Cryptocarya murrayi commonly known as Murray's laurel, is a species of flowering plant in the family Lauraceae and is endemic to north Queensland. It is a tree with elliptic to oval to oblong leaves, cream-coloured, unpleasantly perfumed flowers, and elliptic to spherical black drupes.

==Description==
Cryptocarya murrayi is a tree that typically grows to a height of up to 30 m, its stems buttressed and twigs hairy. Its leaves are elliptic to oval to oblong 115–300 mm long, 45–105 mm wide and glaucous on the lower surface, on a petiole 8–19 mm long. The flowers are arranged in panicles in leaf axils and are longer than the leaves. They are cream-coloured and unpleasantly perfumed. The perianth tube is 0.8–1.9 mm long, 1.5–2.1 mm wide. The outer anthers are 0.6–0.8 mm long and 0.5–0.7 mm wide, the inner anthers 0.6–0.9 mm long and 0.5–0.7 mm wide. Flowering occurs from December to July, and the fruit is an elliptical to spherical black drupe, 13–18 mm long and 12–15 mm wide with creamy cotyledons.

==Taxonomy==
Cryptocarya murrayi was first formally described in 1866 by Ferdinand von Mueller in his Fragmenta phytographiae Australiae from specimens collected near Rockingham Bay by John Dallachy.

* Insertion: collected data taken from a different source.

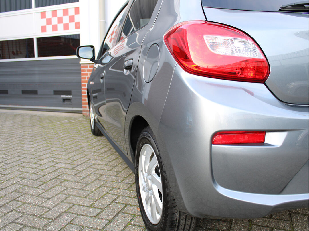 Nette dealer onderhouden origineel Nederlandse Mitsubishi Space Star 1.0 Intense Automaat. Deze Space Star is onder andere voorzien van: Airconditioning, Stuurbekrachtiging, Elektrische ramen Voor + Achter, Elektrisch verstelbare en verwarmbare spiegels, Bluetooth, Radio/CD met spraakbediening, USB en AUX- aansluiting, 14 inch Lichtmetalen velgen, In hoogte verstelbare voorstoelen, Centrale vergrendeling op afstand, Donker glas achter en ISOFIX bevestiging voor kinderzitjes.
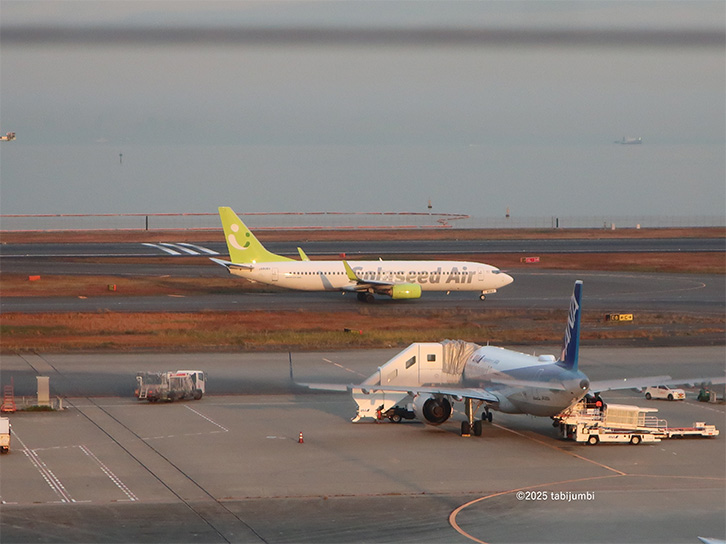At that moment, Solaseed Air Flight 61 (SNA61), a Boeing 737-800 bound for Miyazaki, was taxiing along the parallel taxiway. Passengers seated on the left side, in the F seats, may have seen the warm glow of the short-lived sunset.
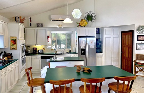 The great room offers a spectacular dining ocean view with seating for ten plus fully equipped kitchen, living room with large smart TV and den with 2 twin beds that also can be converted to a King . Wi-Fi streams throughout the entire house as well as Cable TV and Netflix.
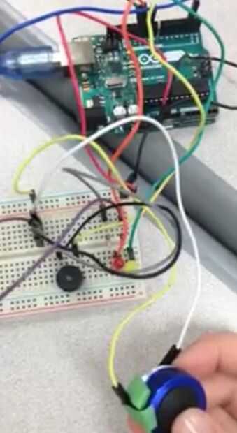 Este reloj de alarma enciende y apaga basado en cuando el botón se abre o cierra el circuito. Cuando el circuito es cerrado, ambos LEDs intermitente alternativo mientras que el timbre se apaga. Esto no se detiene hasta que se hace clic en el botón para apagar el circuito.
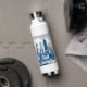 Bouteille d'eau de Chicago avec vue sur la ville de Chicago, Illinois et skyline. Couleurs bleues. Design moderne. Texte personnalisé sur la bouteille d'eau. Modifiez le texte ou laissez-le tel quel. Utilisez le modèle pour créer votre propre bouteille d'eau de la ligne d'horizon de Chicago.
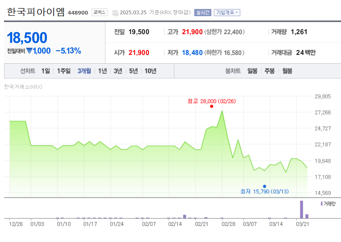 한국피아이엠은 현재 코넥스시장에서 거래되고 있고, 코스닥시장으로 이전 상장합니다.
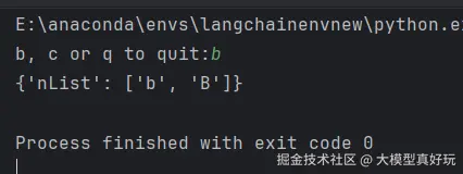 可以看到当用户输入b, 会走到b节点,在b节点中添加字符串'B', 当用户输入c, 会走到c节点,在c节点中添加字符串'C',输入q 则会直接到结束节点,这就是条件边的控制逻辑。完整代码大家可以关注笔者的同名微信公众号 大模型真好玩 ,并私信: LangChain智能体开发免费获取。
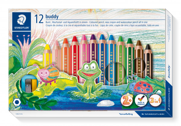 STAEDTLER Hexagonal-Buntstift buddy, 12er Kartonetui +Spitzer
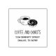A simple illustration of a coffee mug and a chocolate glazed doughnut. Customise with your own address.
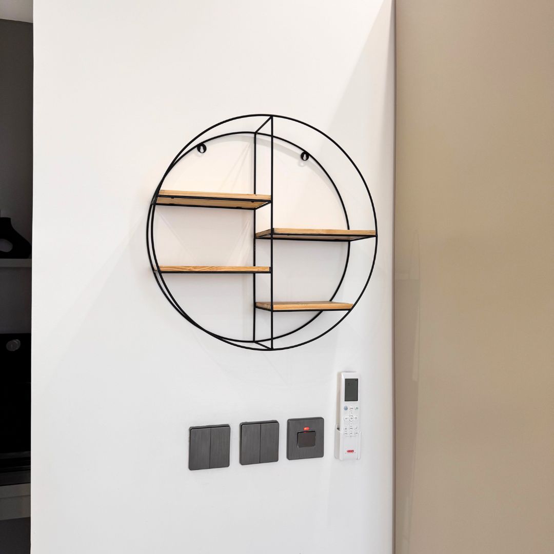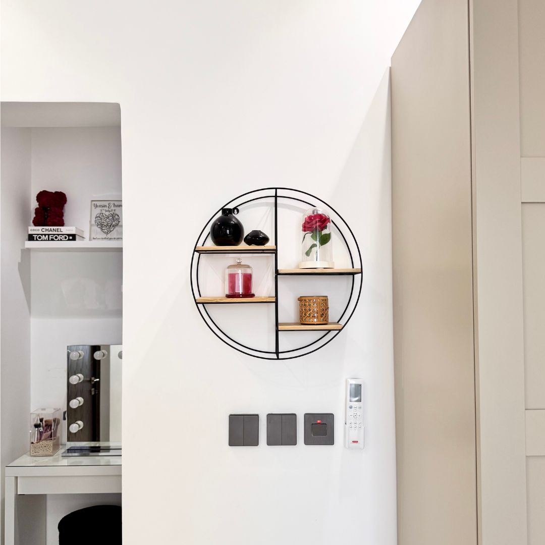1️⃣ Modern & Stylish Design – A sleek, round metal frame in matte black combined with light wood shelves brings a minimalist yet luxurious feel to any space.
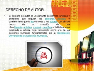 El documento habla sobre el derecho de autor y sus aspectos en el derecho informático. Explica que el autor es el titular del derecho de autor desde el momento de la creación de la obra. Define una obra como una expresión personal con originalidad que puede ser difundida. Finalmente, distingue entre los derechos morales no económicos del autor y los derechos patrimoniales que le permiten beneficiarse económicamente de su obra.

==Distribution and habitat==
This species of Cryptocarya grows in rainforest from sea level to 750 m altitude between Cooktown in north-east Queensland and Mackay in central-eastern Queensland.

==Conservation status==
Cryptocarya murrayi is listed as "least concern" by the Queensland Government Department of Education and Science.